- Bitcoin Policy Institute, Fedi and Cornell’s Brooks School Tech Policy Institute will run a two‑year study of American attitudes on financial privacy.
- The study will use both quantitative surveys and qualitative interviews and will publish four semi‑annual reports starting April 2026.
- Public concern about data use is rising, with a 2023 Pew Research Center survey showing increased worry about government data handling.
- Developers of privacy tools face legal pressure after criminal cases involving non‑custodial services, a trend that has raised fears of liability for code authors.
- Lawmakers are being urged to protect non‑custodial developers, with industry groups seeking “robust, nationwide protections” as the crypto market structure bill moves through debate.
The Bitcoin Policy Institute, wallet provider Fedi and Cornell’s Brooks School Tech Policy Institute announced a joint two‑year study to measure how Americans view financial privacy, what trade‑offs they will accept and how regulation affects behavior. The project will produce four semi‑annual reports, with the first due in April 2026, and aims to supply empirical evidence for policy debates; details of the initiative appear in a Fedi blog post.
The researchers will mix large‑scale surveys and in‑depth interviews to track attitudes and changes over time, and will pay special attention to everyday transactions and institutional trust, according to the project description. BPI posted related materials about the study on social media.
Public concern about data practices is already rising. A 2023 Pew Research Center survey found 71% of U.S. adults were very or somewhat concerned about government use of collected data, and many said they understood little about corporate data handling.
The study comes as governments explore central bank digital currencies and digital identity frameworks, a development tied to broader questions about preserving or reshaping financial privacy in the digital era, noted in a policy review on digital identity and privacy.

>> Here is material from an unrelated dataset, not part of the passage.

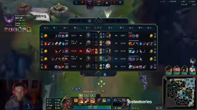 01:55:08Das Spiel wird als zunehmend schlecht bewertet, da drei Lanes verloren gehen. Der Gangplank-Build wird als 'exotisch' beschrieben, und der eigene Schaden als Mage wird als gering empfunden, besonders wenn Spells nicht präzise treffen. Es wird festgestellt, dass zwei Level-Ups nicht geskillt wurden, was als bedauerlich empfunden wird. Der Botlane-Verlauf wird als anfangs gut, aber nach einem Dive als schwierig beschrieben. Der Gegner hat einen deutlichen Vorteil durch zwei Drakes, Grubbs und einen 50 CS Lead auf der Toplane. Die späte Nutzung der Ultimate durch eine Teamkollegin wird kritisiert, da dies zu unnötigen Toden führt. Der Mel-E-Spell wird als langsam und schwer zu treffen beschrieben, ähnlich wie Lux-EQ, wobei Lux-EQ als schmaler und unauffälliger, Mel-E als 'fett und rot' beschrieben wird. Es wird überlegt, ob Cosmic Insight oder Max-Damage-Items besser wären, wobei Cosmic Insight gewählt wird, um den Vergleich zu haben. Der geringe Wave Clear mit einem Item wird als 'tough' empfunden, und der Melfight als nicht rechtzeitig anwesend.

Legal pressure on privacy‑focused crypto developers has increased after criminal cases against non‑custodial services such as Samourai Wallet and Tornado Cash, outcomes that have raised fears developers could face liability for code alone. At the same time, industry groups have urged Congress to include “robust, nationwide protections” for non‑custodial builders in the market structure bill. Variant chief legal officer Jake Chervinsky framed DeFi as his “red line” and warned that, without clear safeguards, a regulator could try to “kill DeFi”. The study aims to inform these regulatory discussions with data.